Finally, to produce really nice soft shadows, I used a 3-by-3 jittered grid with 3 samples per grid cell, so a total of 27 samples per shaded point. The result of that is shown below.

soft shadows 3-by-3 grid, 3 random samples

Reflection and Refraction

To achieve nice and realistic refractions for the glass ball, a ray of light has to change its travel direction according to Snells law when passing a boundary between denser and lighter materials (glass and air for instance). Then, to determine the correct amount of light that is reflected and refracted, the Fresnel terms have to be computed. Getting all of this right wasn't so easy at first, so I had to struggle with bugs in my code. When writing a raytarcer though, bugs are sometimes pretty cool which can be seen in the image below.

wrong fresnel terms

Once the code was (mostly) free of bugs, it produced pretty nice pictures of glass balls (see below). It is very important to allow a high number of recursive rays to be cast in order to achieve nice results. This is why I implemented a ray-weight at this point as well. With this technique, each ray stores the percentage of the radiance it carries that will make it through the final pixel on the screen. So if a ray gets reflected twice with a reflectance factor of 0.1, then it will only contribute 1% of the radiance it encounters after the second hit to the final pixel value. Storing this information allows us to discard "unimportant" rays, yet having a high recursion depth for rays that could potentially contribute a lot to the final pixel even after numerous bounces. (This happens when the ray consecutively hits highly reflective or refractive materials for example.)

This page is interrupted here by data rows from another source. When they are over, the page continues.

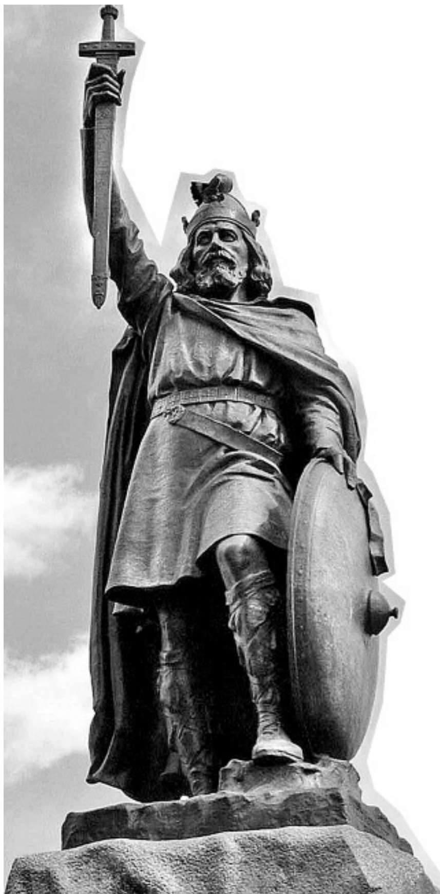
Хамо Торникрофт. Статуя Альфреда Великого, управлявшего королевством Уэссекс в 871–899 годах. Уинчестер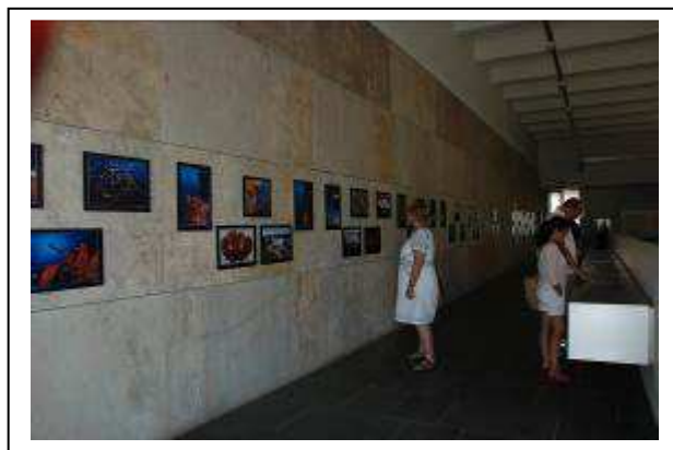
Exposición de una selección de fotografías de la I, II y III edición del Concurso Fotográfico del Parque Natural del Estrecho en el Conjunto Arqueológico Baelo Claudia (del 15 de julio al 10 de octubre).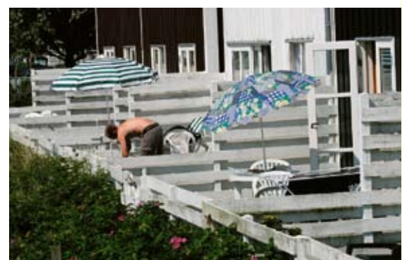
De hyggelige terrasser lå lige ud til kajen.

Der kan være nogen, der vil indvende, at en mindre båd sejler for langsomt til, at det er sjovt. Det er ikke min erfaring, da netop den mindre båds færre omkostninger giver overskud til et sjovt sejl som en rulle-genakker. Dette sejl sætter jeg i havn og ruller ud efter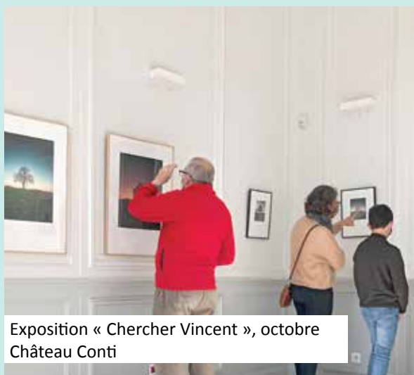
Exposition « Chercher Vincent », octobre Château Conti

nice fresnel terms nice fresnel terms 2

Texture Mapping

Implementing texture mapping was pretty straight forward and didn't require a lot of tweaking. For reading in the texture map, I used the CImg library. A preliminary version of my final scene with the original Escher picture as a texture map can be seen below.

texture map

Hand drawing

Creating a picture with a hand-drawn look falls into the category of non-photorealistic rendering, NPR in short. My approach is a conceptually pretty simple one. My raytracer does not only store the radiance for every pixel, but also the surface normal at that point. In a post-processing step, after the image is rendered into an buffer R, which stores all the radiance values, an empty (white) buffer I of the same size is created. Now, every pixel in R is visited consecutively and a hatching pattern is centered at it. Then the hatching pattern, which is a rectangular little surface, is rotated according to the stored surface normal at that pixel. The resuting rotated version of the hatching pattern is then drawn into buffer I, it's radiance sceled by the radiance of the pixel stored in R.

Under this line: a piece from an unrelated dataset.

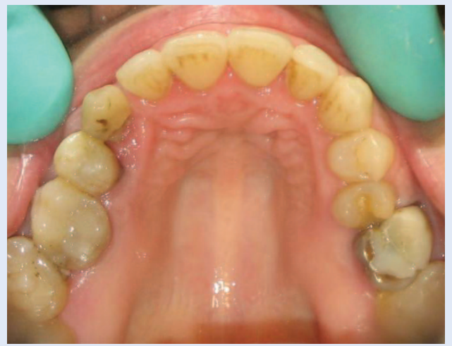
Slika 6e. Skinuta fiksna ortodonska naprava – oralni snimak Figure 6e. Condition after removal of fixed appliance – occlusal view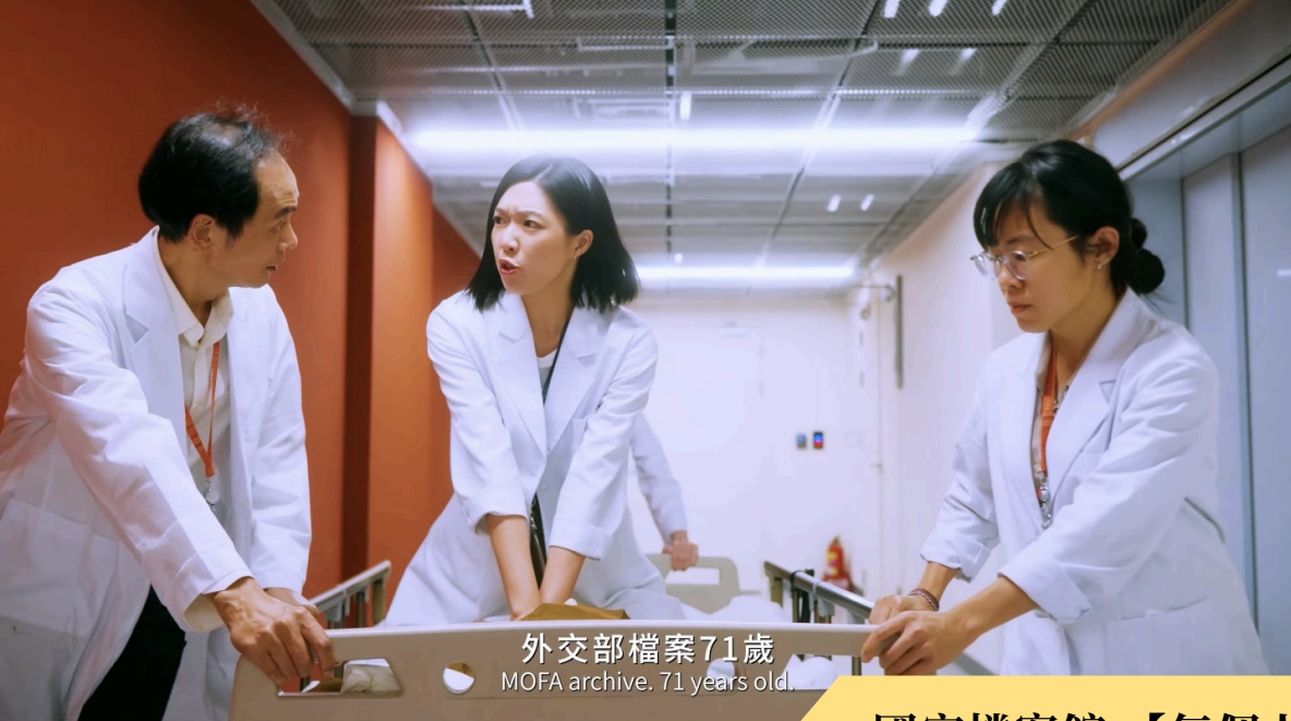
外交部檔案71歲 MOFA archive. 71 years old.

There is one more thing that needs to be taken care of though. Since the hatching pattern size I chose is an 11-by-11 picture, if we were to superimpose rotated hatching patterns for every single pixel in R, the resulting image would be too blurry for general hatching patterns. Therefore, before drawing the hatching pattern for a perticular pixel in R, I check if the radiance that is stored in I for that pixel is already close enough to the value in R. Only if the difference between the values is high enough, do I draw the hatching pattern. (Note that the higher the tolerance is set, the more sketchy an image will look at the end.)

Below are some of my early attempts to implment the technique described above.

sketch1 sketch2 sketch3

After a lot of playing around with hatching patterns, brush transparencies, and light exposure I finally got a result that I liked. A close up view of the reflective sphere is shown below.

nice hatching pattern

The Final Image

At the end, I show the final image again. It was a lot of fun writing the raytracer and producing the final image.

final rendering